Data excerpt:

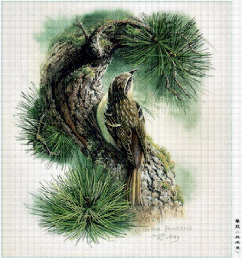 Схема вышивки «Птичка на еловой ветке» (№704655)
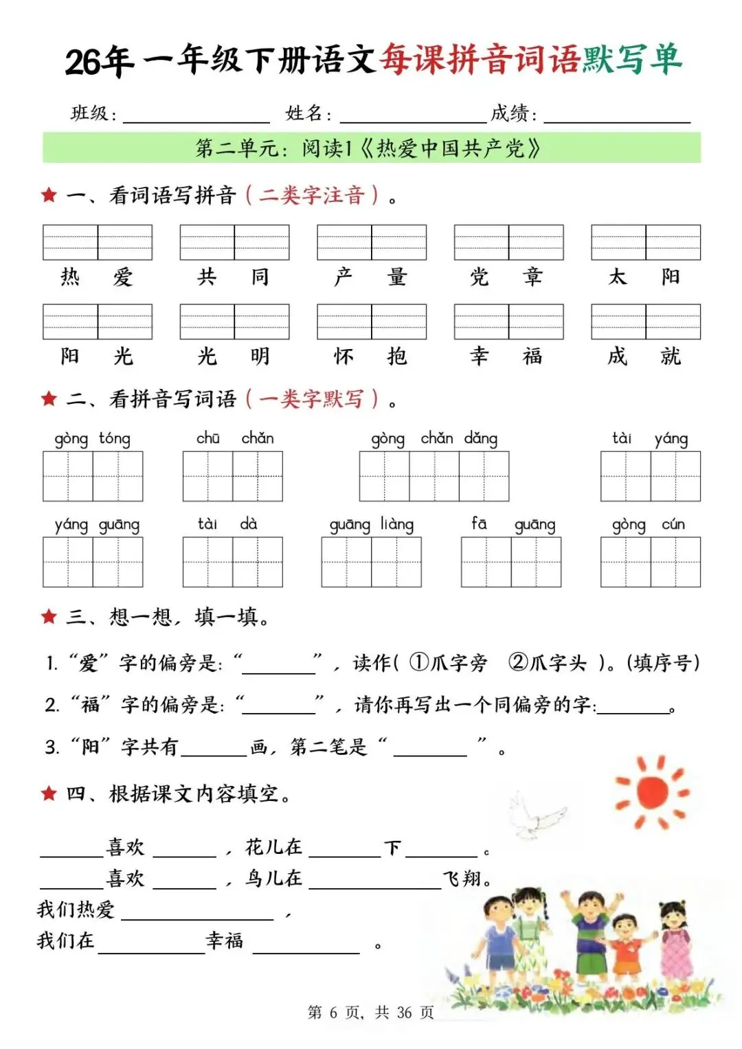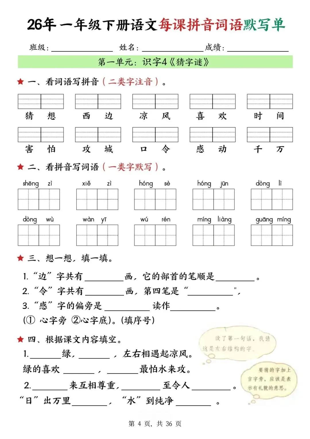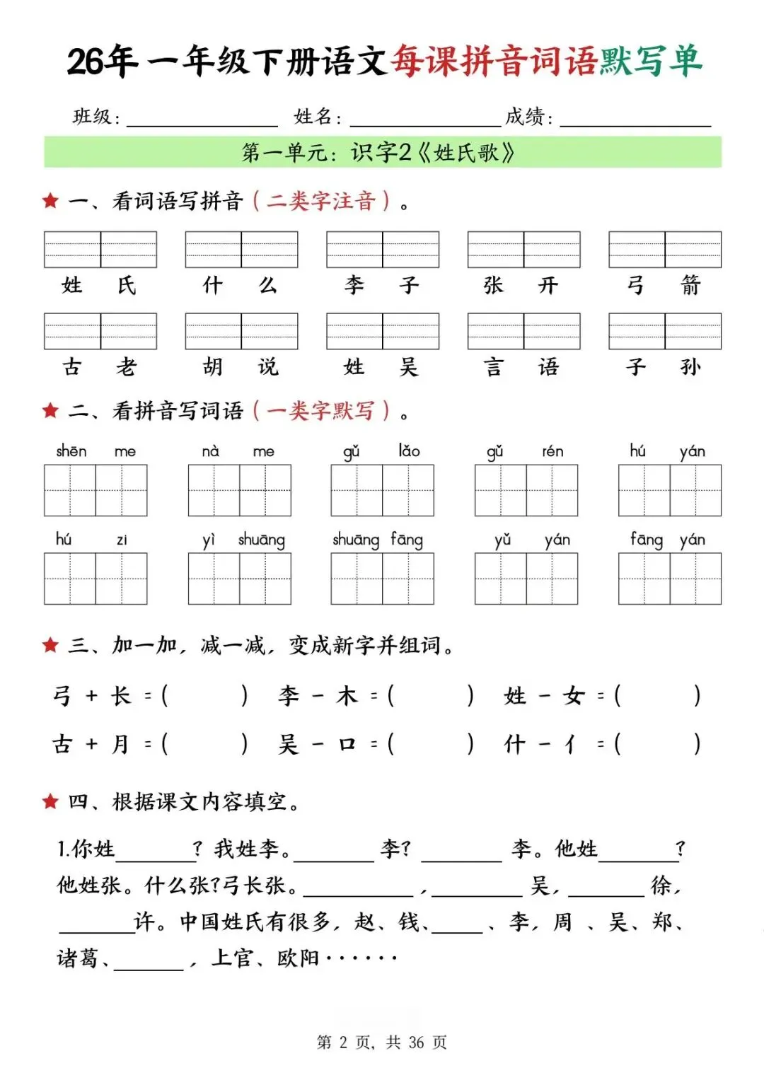这份26年一年级下册语文每课拼音词语默写单【可下载可打印】完整电子版共36页
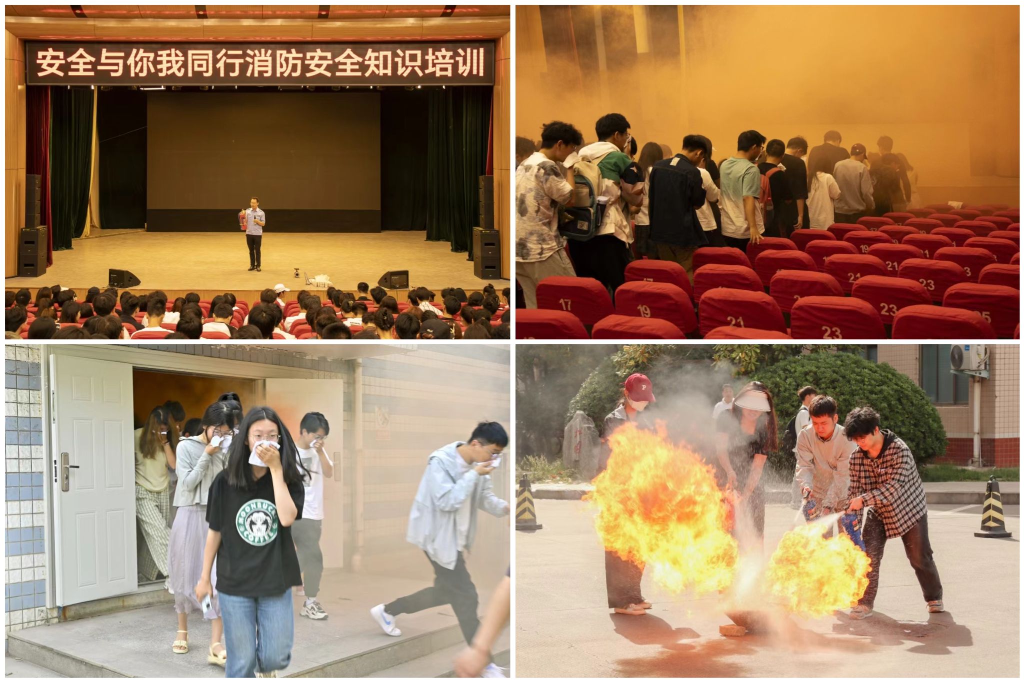 培训分为理论知识和实操演练。学校消防科科长时烽超结合近期发生的火灾案例,围绕用火用电、日常巡防、火灾紧急疏散、安全意识提升四个方面以及灭火器材的正确使用方法和逃生自救常识进行了全面而深入的讲解,让师生们深刻认识到校园消防安全的重要性。理论培训结束后进行了礼堂火灾紧急疏散预案演练,所有参会人员听从指令,服从指挥,迅速而有序地撤离至安全区域。在学校消防员的指导下,参会人员又进行了灭火器材的实际操作,掌握了火灾初期扑灭技能。整个演练过程紧张有序,师生们表现出色,展现了良好的应急反应能力和团队协作精神。

Activity:
Only the text of the listing above is copied, exactly as written; its pictures are dropped.

Exercise response:
 Схема вышивки «Птичка на еловой ветке» (№704655)
这份26年一年级下册语文每课拼音词语默写单【可下载可打印】完整电子版共36页
 培训分为理论知识和实操演练。学校消防科科长时烽超结合近期发生的火灾案例,围绕用火用电、日常巡防、火灾紧急疏散、安全意识提升四个方面以及灭火器材的正确使用方法和逃生自救常识进行了全面而深入的讲解,让师生们深刻认识到校园消防安全的重要性。理论培训结束后进行了礼堂火灾紧急疏散预案演练,所有参会人员听从指令,服从指挥,迅速而有序地撤离至安全区域。在学校消防员的指导下,参会人员又进行了灭火器材的实际操作,掌握了火灾初期扑灭技能。整个演练过程紧张有序,师生们表现出色,展现了良好的应急反应能力和团队协作精神。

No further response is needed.